The officer swung its baton, but Quentin neatly sidestepped it. He grinned, flashing his ivory-white teeth at it. His psychic gun appeared in his hand again, this time the Glock model preferred by the NYPD. "This is what I wanted to do, what I should have done, but I was too weak. Not anymore. How do you like me now?" he asked no one in particular, stepping up into the cop's space and shooting him clear through the throat. The cop popped like a water balloon, spraying its companions, its victim, and Quentin with black, inky blood. Quentin licked his lips. "As far as revenge fantasies go, this is pretty good."

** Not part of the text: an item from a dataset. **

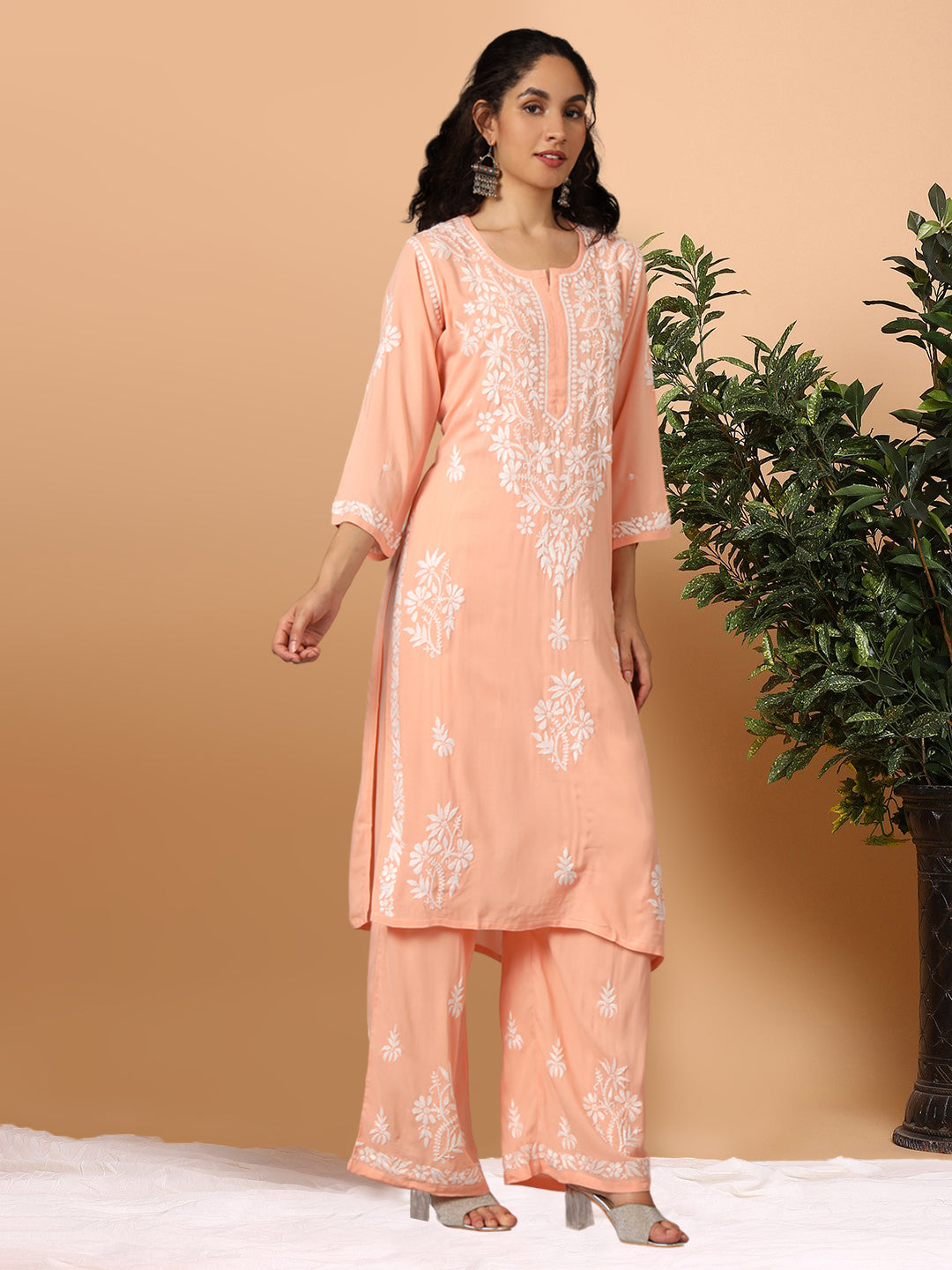 Women Hand Embroidered Chikankari Modal Kurta Set-AL3600KS Peach

Jean's eyes widened, and she reflexively lifted her hand to cover her face from the blood. A horrified expression crossed her face, and she found herself lingering on the body for a moment, stunned, before looking back to Quentin.

"Quentin, what the hell? You're better than this," she said.

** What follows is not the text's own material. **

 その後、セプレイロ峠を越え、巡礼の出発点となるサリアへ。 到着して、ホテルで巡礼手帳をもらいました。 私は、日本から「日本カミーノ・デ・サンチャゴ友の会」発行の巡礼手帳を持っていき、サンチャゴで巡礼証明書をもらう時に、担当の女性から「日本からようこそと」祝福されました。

"Are you sure about that?" asked Emma. She shrugged at the look Jean flashed her. "Someone once told me that no-one's a monster inside their own head. I just told them they didn't know me well enough." Her grin was somewhere between sickly and wicked. "Does this little fantasy have much longer to run, Quentin? As much fun as it is, I've got things to do."

"Sounds like a good philosophy. And no, I'm just about done." Quentin took out the other officers in quick succession before helping the the featureless victim to his feet. Just like the echo of Daniella, he vanished in a bright light, and once it dimmed, Quentin looked clean and healthy. All of the pedestrians disappeared, too, leaving the four of them alone on the street, which started to shake as if an earthquake we're striking.

"He's mad," Quentin said gleefully. "I don't think he has much left. Now's the Time to finish what I started."